Guards! Guards!
said.”
“There are legends, you know. It seems as though one species of dragon started to get bigger and bigger and then…just vanished.”
“Died out, you mean?”
“No…they turned up, sometimes. From somewhere. Full of vim and vigor. And then, one day, they stopped coming at all.” She gave Vimes a triumphant look. “ I think they found somewhere where they could really be .”
“Really be what?”
“Dragons. Where they could really fulfil their potential. Some other dimension or something. Where the gravity isn’t so strong, or something.”
“I thought when I saw it,” said Vimes, “I thought, you can’t have something that flies and has scales like that.”
They looked at each other.
“We’ve got to find it in its lair,” said Lady Ramkin.
“No bloody flying newt sets fire to my city,” said Vimes.
“Just think of the contribution to dragon lore,” said Lady Ramkin.
“Listen, if anyone ever sets fire to this city, it’s going to be me .”
“It’s an amazing opportunity. There’s so many questions…”

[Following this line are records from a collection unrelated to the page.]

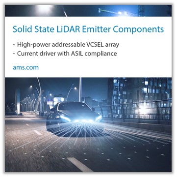 amsはオートモーティブグレードのVCSEL(面発光型半導体レーザー)アレイとドライバを提供し、エッジエミッターやLEDといった競合する光源よりも優れた信頼性と安定性を実現します。光ビームの方向を切り替える際に機械部品を必要とせず、信頼性を改善しつつ複雑性、寸法、重量、コストを削減できるソリッドステートLiDARにおいて、amsは照明ソリューションを販売する初の企業となります。高い信頼性とスモールフォームファクタのおかげで、ソリッドステートLiDARは自動車分野における大規模なLiDAR実装の道を開きます。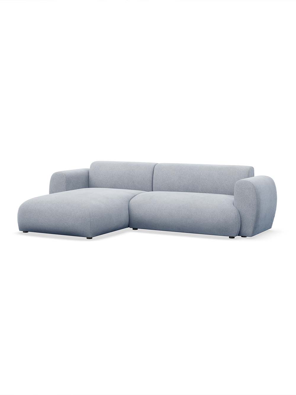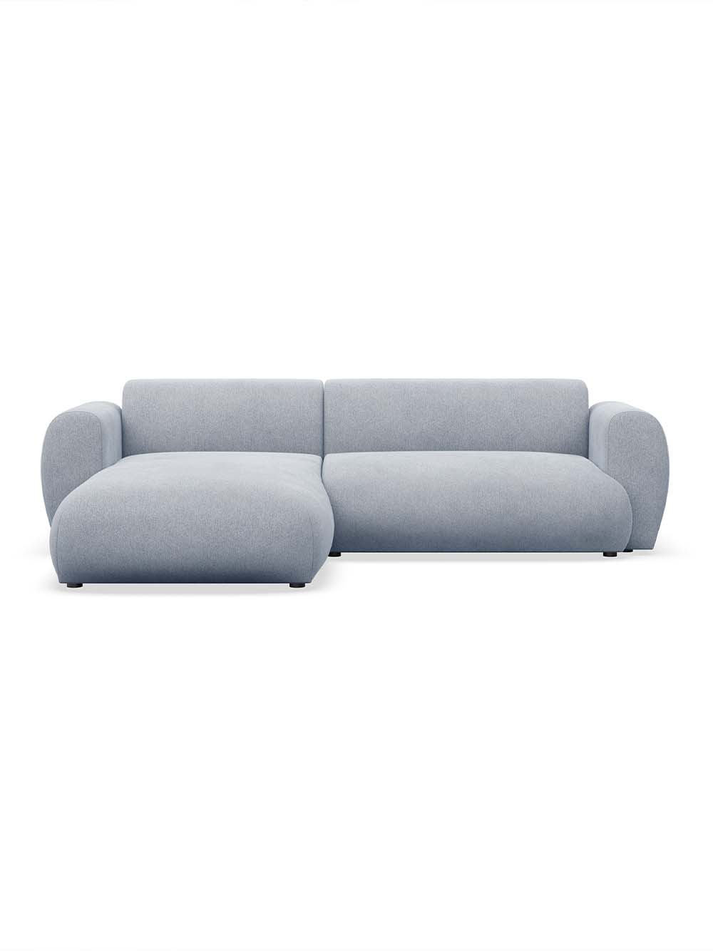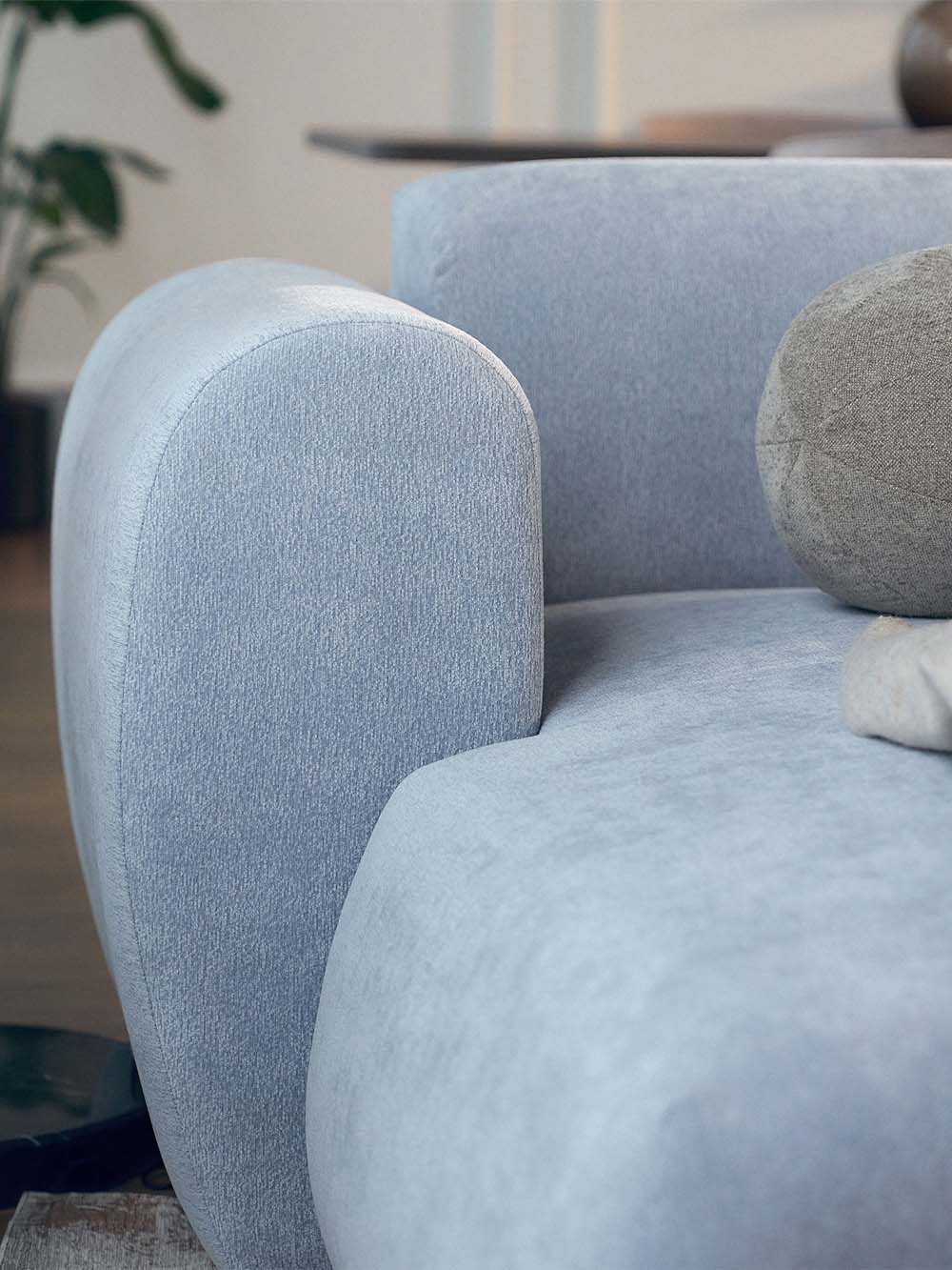 Kampinė sofa Emba – modernaus dizaino baldas su minkštomis, apvaliomis formomis ir išraiškingu siluetu. Švelnios mėlynos spalvos šenilinis audinys suteikia interjerui gaivumo ir lengvumo. Erdvi sėdimoji dalis užtikrina komfortą kasdieniam poilsiui, o „Puma“ išskleidimo mechanizmas leidžia lengvai suformuoti lygią ir patogią miegojimo vietą.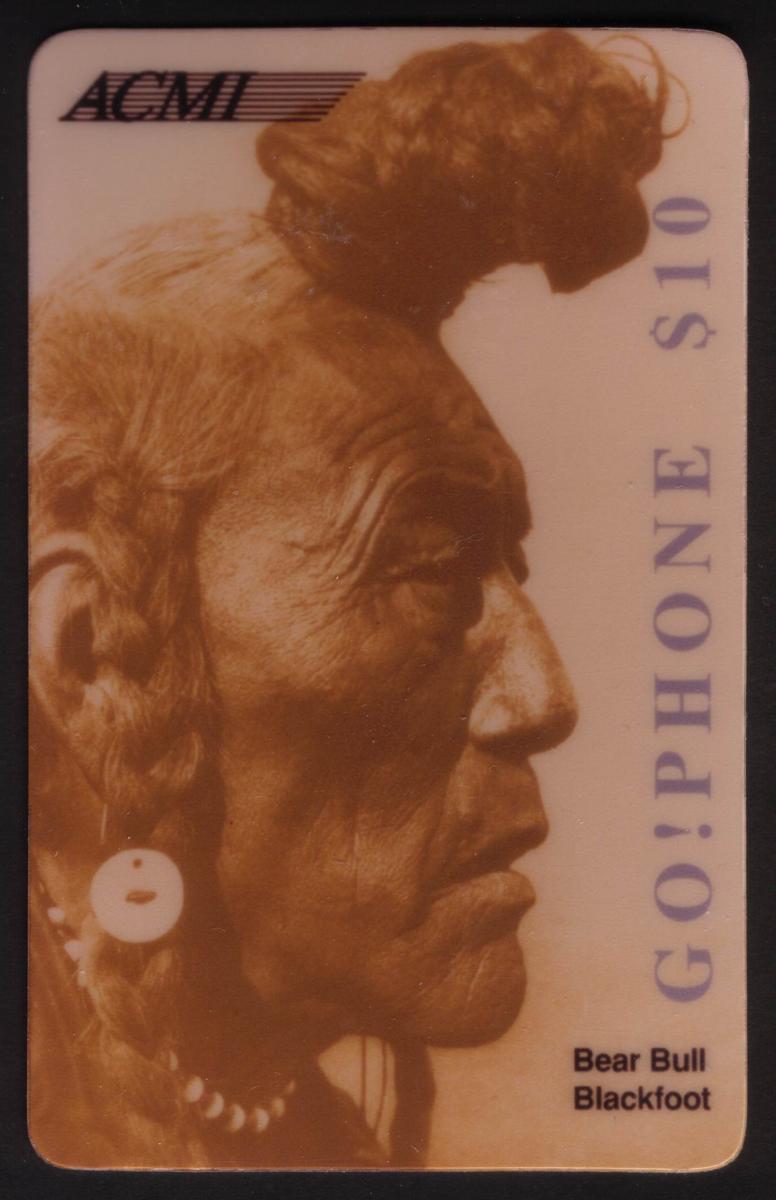 Overall, this card transcends its functional purpose to become a piece of educational art. As part of ACMI’s Indian Series, it reflects a commitment to preserving and celebrating Native American identity and legacy within popular culture. The emphasis on Bear Bull’s strong profile and cultural adornments pays respectful tribute to the resilience and pride of the Blackfoot people. Collectors of phone cards and enthusiasts of indigenous history will find this piece especially valuable for its evocative imagery and historical significance.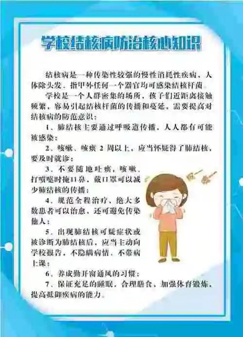 肺结核并不可怕,只要同学们积极地配合做到早预防、早治疗就可以有效地防止肺结核,让我们共同努力为健康的身体筑起坚固的传染病防御城墙,共同维护一个健康、安全的学习和生活环境。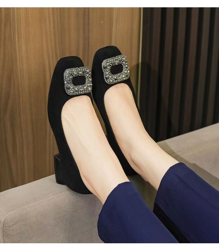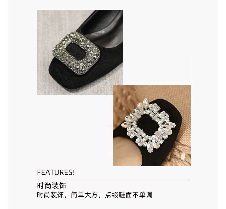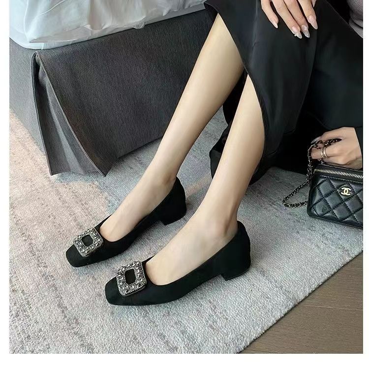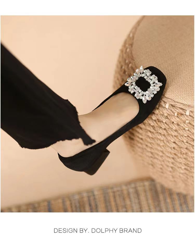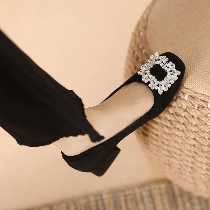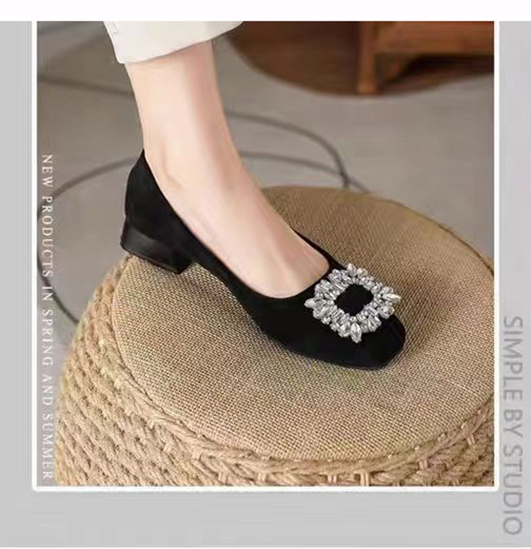 프렌치 스타일의 라인스톤 굽이 두꺼운 고급 여성용 신발 2025년 신상 여름 스퀘어토 얕은 입구 우아한 하이힐 출퇴근용 신발스토어 가기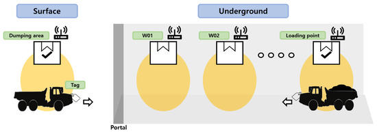 The study area was equipped with a mine safety management system based on ICT. Owing to the installation of a wireless communication network, it was possible to implement a digital environment to track the location of equipment in real time, make voice calls, and monitor the working environment at an underground mine site where communication was not possible. Through the wireless communication network, the location of the production equipment in the mine was received in real time on the dashboard in the office. The data acquired through the safety management system were stored in real time. In this study, the location tracking data of the production equipment were used in the mine safety management system. When the production equipment passes by a wireless access point (AP) installed in the study area, its location is tracked and stored as tag-recognition data. Figure 2 shows the process of a truck being recognized by the wireless APs as it passes by them while transporting ore in an underground mine. The tag recognition packet data, stored as the truck passes, includes information regarding the data category, presence of an emergency, tag recognition sequence, ID of the recognized tag, and distance between the wireless APs and the tag. These data are transmitted once every second, and approximately 200,000 packets are stored in the web server per month; the size of the data packet is 20 bytes each.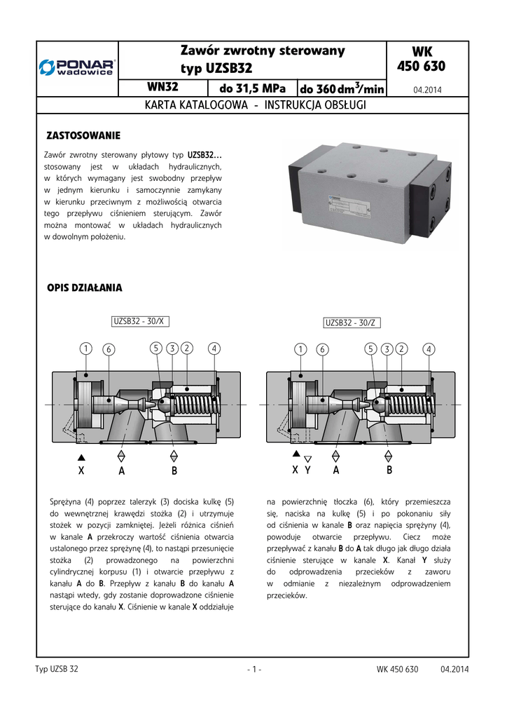 Zawór zwrotny sterowany typ UZSB32 WK 450 630 WN32 do 31,5 MPa do 360 dm3/min KART ARTA KATALOGOWA - INSTRUK RUKCJA OBS OBSŁUGI 04.2014 ZASTOSOWANIE Zawór zwrotny sterowany płytowy typ UZSB32… UZSB32… stosowany jest w układach hydraulicznych, w których wymagany jest swobodny przepływ w jednym kierunku i samoczynnie zamykany w kierunku przeciwnym z możliwością otwarcia tego przepływu ciśnieniem sterującym. Zawór można montować w układach hydraulicznych w dowolnym położeniu. OPIS DZIAŁANIA UZSB32 - 30/X 1 X 5 6 A UZSB32 - 30/Z 3 2 4 1 X Y B Sprężyna (4) poprzez talerzyk (3) dociska kulkę (5) do wewnętrznej krawędzi stożka (2) i utrzymuje stożek w pozycji zamkniętej. Jeżeli różnica ciśnień w kanale A przekroczy wartość ciśnienia otwarcia ustalonego przez sprężynę (4), to nastąpi przesunięcie stożka (2) prowadzonego na powierzchni cylindrycznej korpusu (1) i otwarcie przepływu z kanału A do B. Przepływ z kanału B do kanału A nastąpi wtedy, gdy zostanie doprowadzone ciśnienie sterujące do kanału X. Ciśnienie w kanale X oddziałuje Typ UZSB 32 5 6 A 3 2 4 B na powierzchnię tłoczka (6), który przemieszcza się, naciska na kulkę (5) i po pokonaniu siły od ciśnienia w kanale B oraz napięcia sprężyny (4), powoduje otwarcie przepływu. Ciecz może przepływać z kanału B do A tak długo jak długo działa ciśnienie sterujące w kanale X. Kanał Y służy do odprowadzenia przecieków z zaworu w odmianie z niezależnym odprowadzeniem przecieków. -1- WK 450 630 04.2014 DANE TECHNICZNE Ciecz hydrauliczna olej mineralny Wymag Wymaga agana klasa czyst c zysto zyst ości oleju lej u Lepkość nominalna cieczy I S O 4 4 0 6 k l a s a 2 0 / 1 8 /1 5 37 mm2 /s w temperaturze 55 o C Zakres lepkości 2,8 do 380 mm 2/s zalecany Zakres temperatury cieczy (w zbiorniku) max - 20 oC do +70 oC Zakres temperatury otoczenia Max ciś ci śnien ienie pracy pr acy Ciśnienie max. sterowania 31,5 1, 5 MPa Ciśnienie otwarcia zaworu zwrotnego 0,05 MPa Masa 10 kg 40 oC do + 55oC -20 oC do +70 oC 31,5 MPa Powierzc ierzch zchnia oddz odd ziaływ ływania ci c iśnien ienia Wersja zaworu F1 [cm 2 ] F2 [cm 2 ] F3 [cm 2 ] F4 [cm 2 ] C [MPa] UZSB 20...X... 7,06 1,51 18,87 - 0,022 UZSB 20...Z... 7,06 1,51 18,87 3,14 0,022 F - powierzchnia wyznaczona średnicą uszczelniającą stożka (2) 1 F2 - powierzchnia wyznaczona średnicą kulki (5) pomocniczego zaworu zwrotnego F3- powierzchnia oddziaływania ciśnienia sterującego na tłoczek (6) F4 - powierzchnia tłoczyska tłoczka (6) odwrotna powierzchni F 3 C - ciśnienie działające na powierzchnię F3 potrzebne do pokonania siły sprężyny (4) WYMAGANIA MONTAŻU I EKSPLOATACJI 1. Podczas eksploatacji należy utrzymać zalecaną w kontaktu z nim podczas podczas eksploatacji lub należy niniejszej Karcie Katalogowej - Instrukcji Obsługi przewidzieć odpowiednie osłony zgodnie z lepkość cieczy roboczej. wymaganiami norm europejskich: roboczej europejskich PNPN-EN ISO 1373213732-1 2. Aby zapewnić bezawaryjną i bezpieczną pracę zaworu i PNPN-EN 982 należy systematycznie sprawdzać: sprawdzać 4. Dla zapewnienia szczelności bloku zaworu należy • działanie zaworu przestrzegać wymiarów pierścieni uszczelniających, uszczelniających, • czystość cieczy hydraulicznej momentów dokręcenia śrub śrub mocujących i parametrów 3. Ze względu na możliwość nagrzewania się oraz pracy zaworu podanych w niniejszej Karcie Katalogowej przekroczenie dopuszczalnych, ustalonych temperatur - Instrukcji Obsługi powierzchniowych, zawór powinien być umiejscowiony 5. Obsługujący zawór musi być zapoznany z treścią tak, niniejszej Karty Katalogowej - Instrukcji Obsługi. tak aby wyeliminować możliwość przypadkowego Obsługi WK 450 630 04.2014 -2- Typ UZSB 32 SCHEMATY Symbol graficzny zaworu typ UZSB 32... 3 2... B B A Y X A X wersja UZSB32...Z... wersja UZSB32...X... WYMIARY GABARYTOWE I PRZYŁĄCZENIOWE 75 O 1 X 6 16,7 Ø 32 (max) 2 otw. (A A, B) 24,6 42,1 59,5 62,7 67,5 84,1 155 (min) Ø11 - 6 otw. r 120 B 96,8 Y* A B 4 2 A 3,8 48,4 Y 3 92,9 96,8 120 (min) Ø6 -2 otw. (X X, Y) M10 gł. 25 - 6 otw. Ø7 gł. 6 0,01/100 mm 0,63 4 X 25 32 Typ UZSB 32 84,1 195 1 - Pierścień uszcz. o-ri -ring 36 x 3 - 2 szt/kpl (A, B) 2 - Pierścień uszcz. o-r o -ri -ring 8,3 8, 3 x 2,4 2,4 1 szt/kpl (X) dla wersji UZSB 32.../X... 2 szt/kpl (X, Y) dla wersji UZSB 32.../Z... 3 - Konfiguracja otworów powierzchni płyty przyłączeniowej zgodna normami: • C E T O P - R P 1 21 H • PNPN -ISO 5781 śruby mocujące M10 x 90 -10.9 0. 9 wg PN -E - E N I S O 4 76 2 (PN/M-82302) - szt. 6 /kpl moment dokręcenia Md = 73 Nm . 4 - Wymagany stan powierzchni płyty przyłączeniowej Uwaga: aga: (*) - kanał Y występuje tylko w wersji UZSB32.../Z... -3- WK 450 630 04.2014 CHARAKTERYSTYKI o dla lepkości cieczy hydraulicznej v = 41 mm 2 /s i temperatury t = 50 C Chara arakterystyk terysty ka przep pr zepły zepływ ływu 0,7 0,7 0,6 0,6 [MPa ] ∆∆pp (MPa) 0,5 0,4 0,3 0,2 A→ B B→ A 0,1 0,1 100 0 200 200 (dm33 /mi /min) QQ[dm /m i n] 400 400 300 300 SPOSÓB ZAMAWIANIA UZSB 32 * Wielkość nominalna (WN) WN32 = 32 Numer serii konstrukcyjnej (30 - 39) - niezmienne wymiary przyłącza i zabudowy seria 30 = 3X = 30 Sposób odprowadzania przecieków wspólne odprowadzenia przecieków niezależne odprowadzenie przecieków =X =Z Rodzaj uszczelnienia NBR (dla cieczy na bazie olejów mineralnych) FKM (dla cieczy na bazie estrów fosforanowych) = bez oznaczenia =V Ewentualne dodatkowe wymagania określone w sposób opisowy (do uzgodnienia z producentem) UWA UWAGI: Zawór powinien być zamawiany zgodnie z kodem opisanym w powyższej tabeli. Symbo Symb ole zaznacz aczone dru dr ukiem pogr p ogrub ogrubi ubionym oznacz aczają ają prefero prefer owane wersje wyk wykonania do d ostępne stęp ne w krótk rót kim termi term inie do d osta st awy. Przykład kodu zaworu : UZSB32 - 30/X WK 450 630 04.2014 -4- Typ UZSB 32 PŁYTY PRZYŁĄCZENIO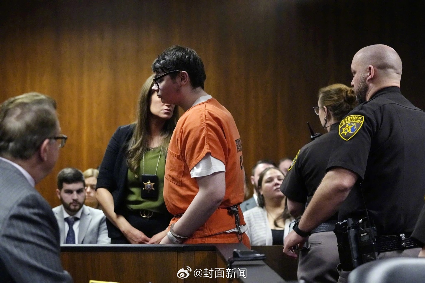 【#美国一中学生枪杀多人其父母被判刑#】美国一名中学生开枪打死4名同学,他的父母当地时间9日分别被判处10至15年监禁。按照路透社说法,这是美国多人死伤校园枪击案行凶学生的家长首次被判刑。2021年11月30日,时年15岁的伊森·克伦布利在密歇根州底特律市附近的牛津镇中学开枪打死4名同学,打伤6名同学和一名老师。他于2022年承认4项一级谋杀罪名,被判处终身监禁且不得假释。(央视新闻)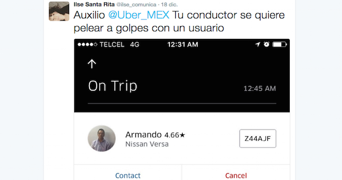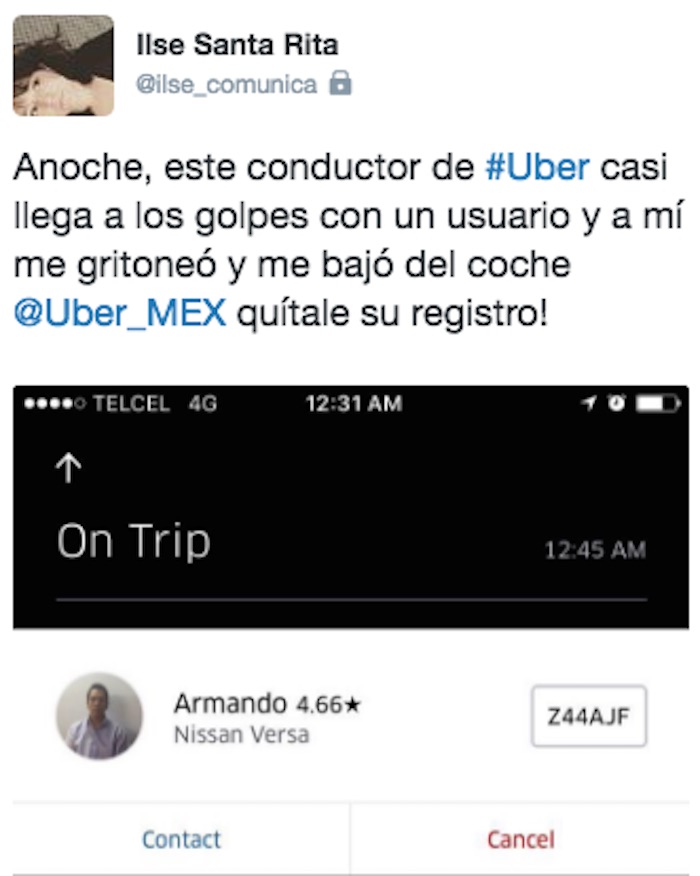 En otro tuit de Santa Rita, declaró que Armando, el conductor de Uber, estuvo a punto de llegar a los golpes contra un usuario que compartía el viaje con la reportera (en UberPool) y a ella le gritó, además la bajó del automóvil en una colonia “desconocida”; todo esto a la media noche. De igual manera pidió que al chofer le fuera retirado su registro.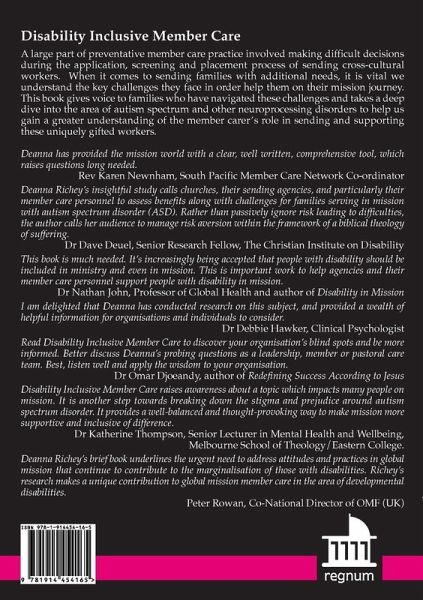A large part of preventative member care practice involved making difficult decisions during the application, screening and placement process of sending cross-cultural workers. When it comes to sending families with additional needs, it is vital we understand the key challenges they face in order help them on their mission journey. This book gives voice to families who have navigated these challenges and takes a deep dive into the area of autism spectrum and other neuroprocessing disorders to help us gain a greater understanding of the member carer's role in sending and supporting these uniquely gifted workers.
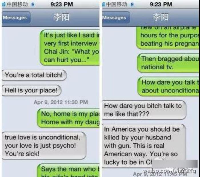 2011年10月,Kim正式提出离婚诉讼,她再次提供证据:李阳曾发短信辱骂Kim,内容如下↓

“You’re right there.” A phrase of Carrot’s crossed Vimes’s mind. “It can help us with our enquiries,” he suggested.
“But in the morning,” said Lady Ramkin firmly.
Vimes’s look of bitter determination faded.
“I shall sleep downstairs, in the kitchen,” said Lady Ramkin cheerfully. “I usually have a camp bed made up down there when it’s egg-laying time. Some of the females always need assistance. Don’t you worry about me.”
“You’re being very helpful,” Vimes muttered.
“I’ve sent Nobby down to the city to help the others set up your headquarters,” said Lady Ramkin.
Vimes had completely forgotten the Watch House. “It must have been badly damaged,” he ventured.
“Totally destroyed,” said Lady Ramkin. “Just a patch of melted rock. So I’m letting you have a place in Pseudopolis Yard.”
“Sorry?”
“Oh, my father had property all over the city,” she said. “Quite useless to me, really. So I told my agent to give Sergeant Colon the keys to the old house in Pseudopolis Yard. It’ll do it good to be aired.”
“But that area—I mean, there’s real cobbles on the streets—the rent alone, I mean, Lord Vetinari won’t—”
“Don’t you worry about it,” she said, giving him a friendly pat. “Now, you really ought to get some sleep.”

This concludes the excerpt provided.